AI platform discovers new powerful antibiotic

A new antibiotic compound has been discovered by a team of researchers in the US thanks to a machine-learning platform.

Using a computer model which can screen over a hundred million chemical compounds, researchers at the Massachusetts Institute of Technology (MIT) identified the new compound, which was able to kill many disease-causing bacteria, including some antibiotic-resistant strains. 

The machine-learning platform has been designed to identify potential antibiotics that kill bacteria using different mechanisms than existing drugs.

The platform was developed to “usher in a new age of antibiotic drug discovery,” according to James Collins, the Termeer Professor of Medical Engineering and Science in MIT’s Institute for Medical Engineering and Science (IMES) and Department of Biological Engineering.

“Our approach revealed this amazing molecule which is arguably one of the more powerful antibiotics that has been discovered.”

Currently, discovering and developing new antibiotics is both costly and time consuming, with many pharmaceutical companies pulling out of antibiotic pipelines due to a lack of reimbursement.

“We’re facing a growing crisis around antibiotic resistance, and this situation is being generated by both an increasing number of pathogens becoming resistant to existing antibiotics, and an anaemic pipeline in the biotech and pharmaceutical industries for new antibiotics,” Collins said.

The team’s model has been specifically designed to look for chemical features that make molecules effective at killing E. coli. The platform was trained on around 2,500 molecules and then tested against the Broad Institute’s Drug Repurposing Hub, which as a library of 6,000 compounds.

The platform discovered a drug which was previously investigated as a possible diabetes drug and which was shown to have a different chemical structure to any existing antibiotics. The drug - which the team named halicin - was then tested against a range of bacterial strains and was found to work against every species they tested it against, with the exception of one difficult-to-treat lung pathogen.

The researchers also used a halicin-containing ointment to test the drug’s effectiveness in living animals. The team used it to treat mice infected with A. baumannii – a bacterium with a strain that is resistant to all known antibiotics. Importantly, the application of halicin was found to completely clear the infection in 24 hours.

More so, the researchers found that E.Coli did not develop any resistance to halicin during a 30-day treatment period.

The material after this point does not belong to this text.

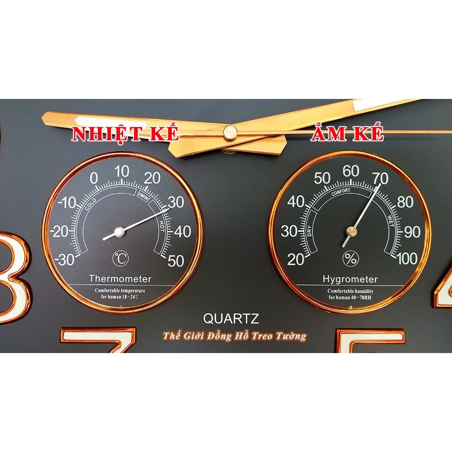 ✨Đồng Hồ Treo Tường DẠ QUANG Tròn Lớn (38cm) - NHIỆT ẨM KẾ Tự Động (Không Dùng Pin) - Máy KIM TRÔI EASTAR - Số Nổi 3D - Viền Siêu Mỏng - Tặng Pin Maxell - BH 1 Năm
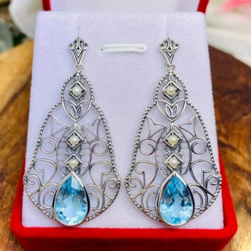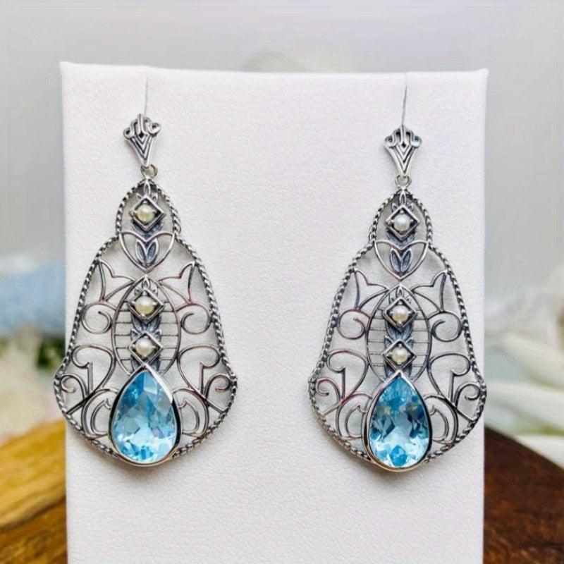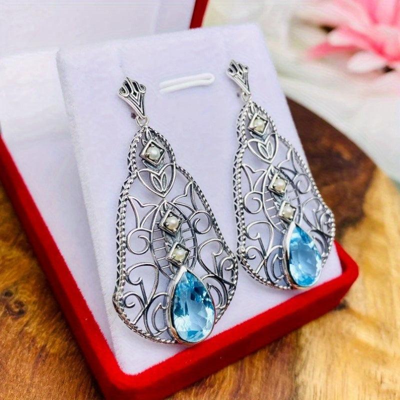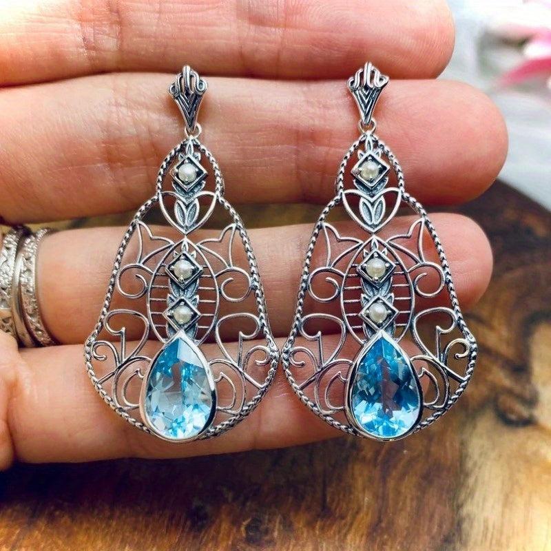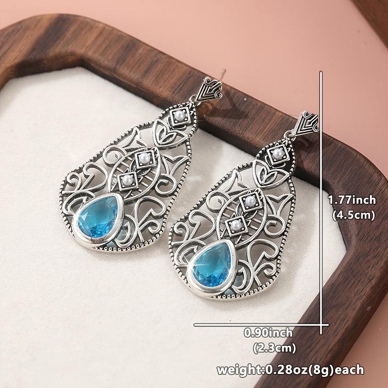 These vintage Bohemian copper earrings feature intricate hollow dangle design with zirconia inlay. Perfect holiday gift for Christmas or everyday wear.

In contrast, bacteria against the antibiotic ciprofloxacin developed resistance within one to three days, and after 30 days, were about 200 times more resistant to the drug.

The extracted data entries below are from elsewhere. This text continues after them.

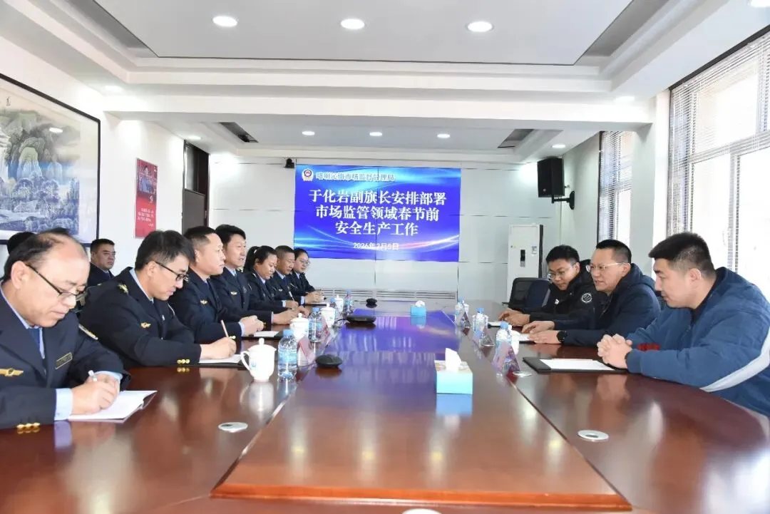 于化岩指出,春节是群众消费的高峰期,也是市场监管工作的关键期,市场监管部门要进一步提高政治站位,强化责任担当,加强部门联动,紧盯重点领域、重点环节,加大监管力度,确保节日期间市场秩序稳定有序。一要严格落实食品安全“四个最严”要求,加强食品生产经营全过程监管,严防发生区域性、系统性食品安全问题。二要规范市场价格秩序,加强民生商品价格监测,严厉打击哄抬物价、价格欺诈等行为,维护市场价格稳定。三要筑牢安全防控底线,加大特种设备、产品质量等重点领域检查力度,及时消除安全隐患,保障人民群众生命财产安全。四要做好应急值守和消费维权工作,畅通投诉举报渠道,完善应急处置预案,确保节日期间突发情况及时响应、高效处置,守护群众度过欢乐、祥和的春节。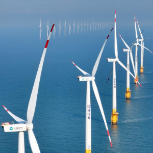 在南通市如东县拍摄的国电投南通新能源有限公司海上风电场(无人机照片,2025年2月9日摄)。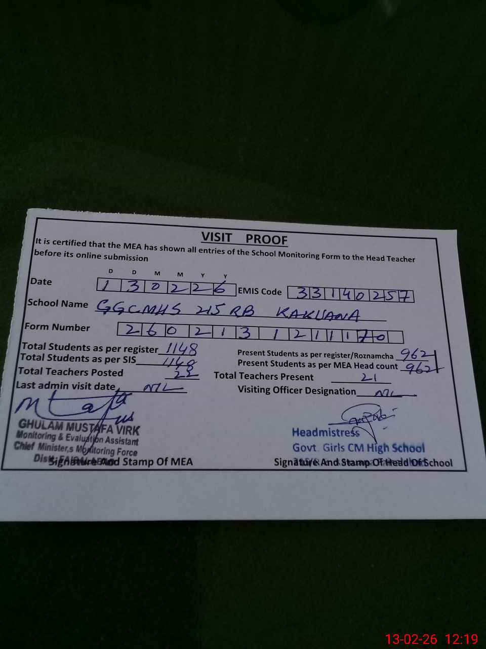 | Attendance Register | Head Teacher | MEA with School | Visit Proof |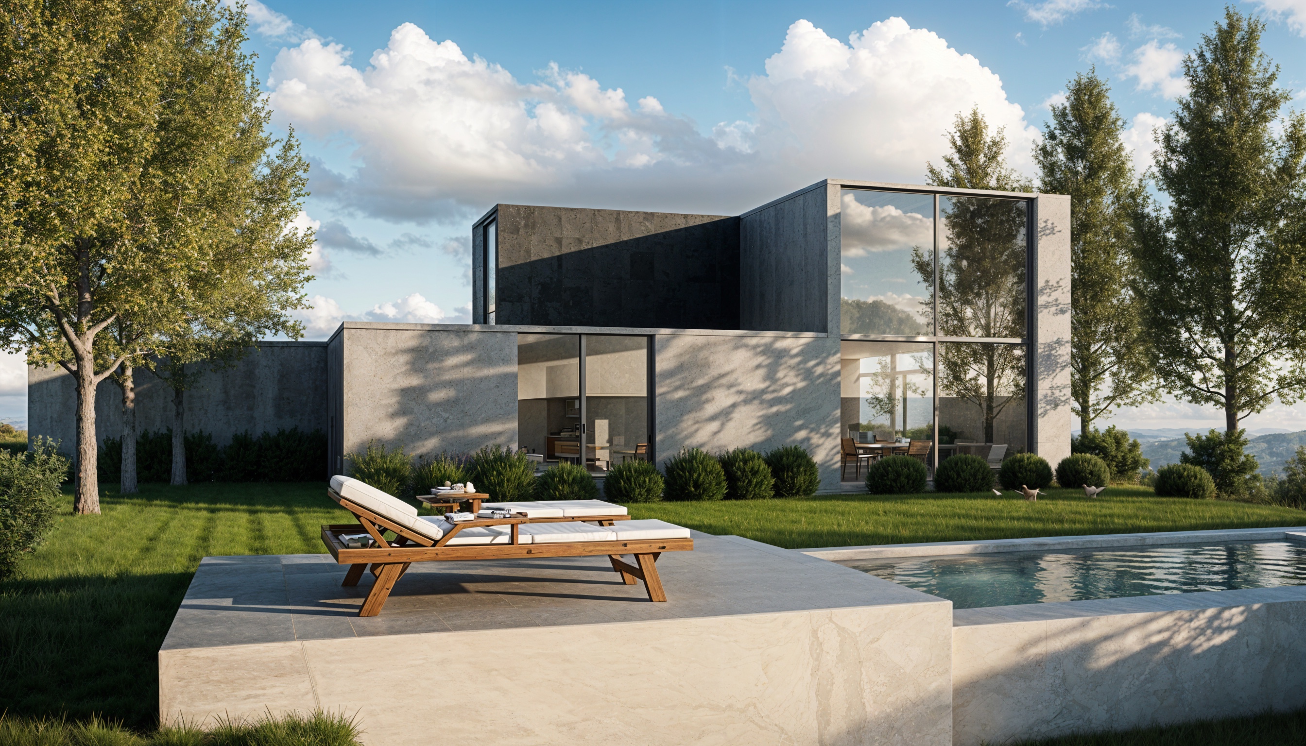 exterior shot modern minimalist white couches sleek design light grey concrete floor lush green bushes adding a touch of nature the sky above is clear and bright blue creating a fresh and tranquil atmosphere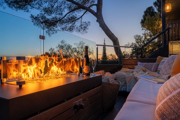 Profitez de la vue panoramique exceptionnelle depuis la large terrasse en bois orientée au Sud. Vous pourrez aisément vous reposer dans les transats ou le grand canapé méridienne à l’ombre des grands pins de Provence qui s’éclairent à la tombée de la nuit.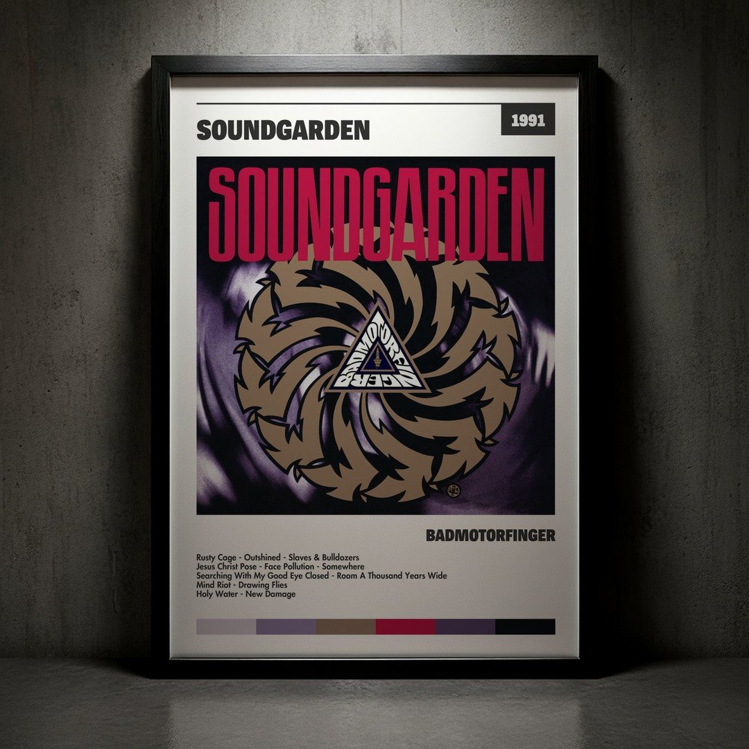 Nuestra colección de cuadros de Soundgarden captura la esencia de sus álbumes más icónicos, presentados en un elegante estilo, en este caso te presentamos el de su disco Badmotorfinger.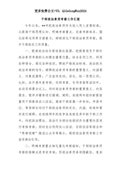 【七哥公文】2025年:干部政治素质考察工作汇报+更多免费公文+VX:QiGeGongWen2024+更多免费公文+VX:QiGeGongWen2024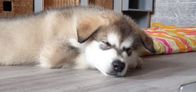 De har 46 slädhundar och en liten söt alaskan alamute valp som är nio veckor gammal. Deras överraskning till oss!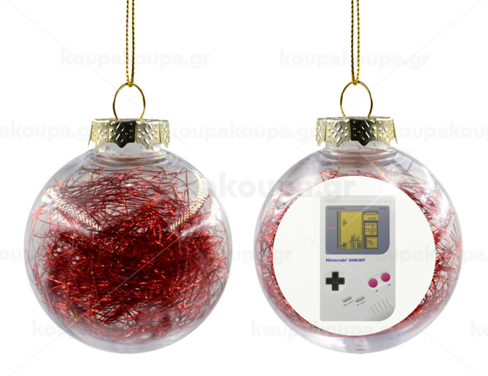 Gameboy, Στολίδι Χριστουγεννιάτικη μπάλα δένδρου διάφανη με κόκκινο γέμισμα 8cm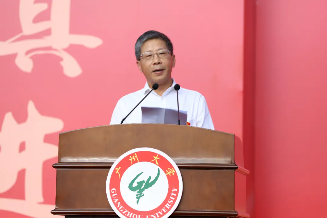 新生入学是一个学校持续发展和文化传承最为重要的标识。从今天起,你们就正式加入广州大学大家庭,成为广州大学一份子,是学校的主人和建设者,而不是过客和看客,希望大家有“家”的概念,爱惜它、奉献它、发展它,让广州大学因你们的加入变得更温暖更有力量。

The team believes halicin works by disrupting bacteria’s ability to maintain an electrochemical gradient across their cell membranes. This gradient allows bacteria to produce molecules that cells use to store energy, and when it breaks down, the cells die. The researchers state that this is a method which bacteria may find difficult to develop resistance to.

The researchers plan to use their model to design new antibiotics and to optimise existence molecules.

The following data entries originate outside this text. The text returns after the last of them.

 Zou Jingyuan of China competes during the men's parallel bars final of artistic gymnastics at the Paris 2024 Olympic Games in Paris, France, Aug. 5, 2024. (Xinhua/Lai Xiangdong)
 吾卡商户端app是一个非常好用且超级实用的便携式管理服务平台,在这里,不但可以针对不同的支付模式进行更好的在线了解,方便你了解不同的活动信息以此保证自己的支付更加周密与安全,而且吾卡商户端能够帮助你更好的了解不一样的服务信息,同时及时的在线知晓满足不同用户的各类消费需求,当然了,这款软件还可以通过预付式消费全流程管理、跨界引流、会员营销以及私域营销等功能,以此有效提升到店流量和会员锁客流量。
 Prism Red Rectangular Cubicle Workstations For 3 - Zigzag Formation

“This groundbreaking work signifies a paradigm shift in antibiotic discovery and indeed in drug discovery more generally,” says Roy Kishony, a professor of biology and computer science at Technion (the Israel Institute of Technology), who was not involved in the study. “Beyond in silica screens, this approach will allow using deep learning at all stages of antibiotic development, from discovery to improved efficacy and toxicity through drug modifications and medicinal chemistry.”